DNA-Specific (But Generally Applicable) AMBER With GROMACS 3.3.x: Installation And Notes

The following is the full procedure for installing the AMBER force field port for GROMACS (AMBER-in-GROMACS, AMBER-with-GROMACS, AMBER-on-GROMACS, whatever you want to call it) developed by Eric Sorin at California State University, Long Beach, providing a bit more depth in the installation process (specifically for GROMACS 3.3.x) and a few modified GROMACS files.

As brief background, AMBER (Assisted Model Building and Energy Refinement) is one of THE dominant molecular mechanics/molecular dynamics (MM/MD) force fields used today in biochemical simulations. The motivation for this page (my installing AMBER for use in GROMACS) stems from the current Nanorex focus on Structural DNA Nanotechnology (SDN) modeling, for which we're working on a reduced model force field for large-structure energy minimizations and, importantly, integrating the GROMACS MM/MD package for use via our CAD interface. You can read more about this in the poster presented at FNANO08 this past April.
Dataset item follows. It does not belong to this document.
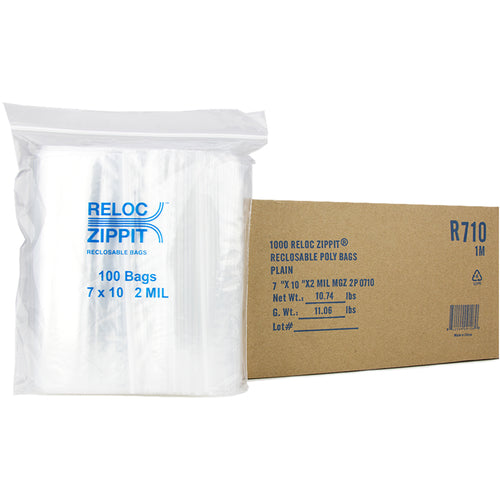 7″ × 10″ 2-MIL Clear Reloc Zippit Zipper Bags, Sold per Case of 1000 (10 boxes of 100 per case)

As a force field validated for DNA simulations, AMBER meets our needs of performing atomistic simulations on DNA nanostructures. While NAMD is also a possibility for DNA simulations, GROMACS meets Nanorex's open source needs.

Needless to say, finding that Sorin and co-workers had ported AMBER to GROMACS was a wonderful discovery (and that this same port appears to be driving the Folding@Home project). The installation directions on the AMBER-on-GROMACS website are good, but they don't mention a few important steps that I spent no small amount of time trying to figure out (and I'm definitely not complaining. 99% of the work was the porting, which has been graciously handed to the GROMACS community on a silver platter). Below is the complete set of steps required to get, as the first example, the Dickerson.pdb sample file provided with the porting files to energy minimize and MD correctly. Issues related to DNA-based simulations not using the Dickerson.pdb file will be covered in another post.

Dickerson DNA

QuteMol rendering of Dickerson.pdb (from Drew, H. R., Wing, R. M., Takano, T., Broka, C., Tanaka, S., Itakura, K. & Dickerson, R. E. (1981). Structure of a B-DNA dodecamer: conformation and dynamics. Proc. Natl. Acad. Sci. USA 78, 2179-2183. Protein Data Bank structure 1BNA).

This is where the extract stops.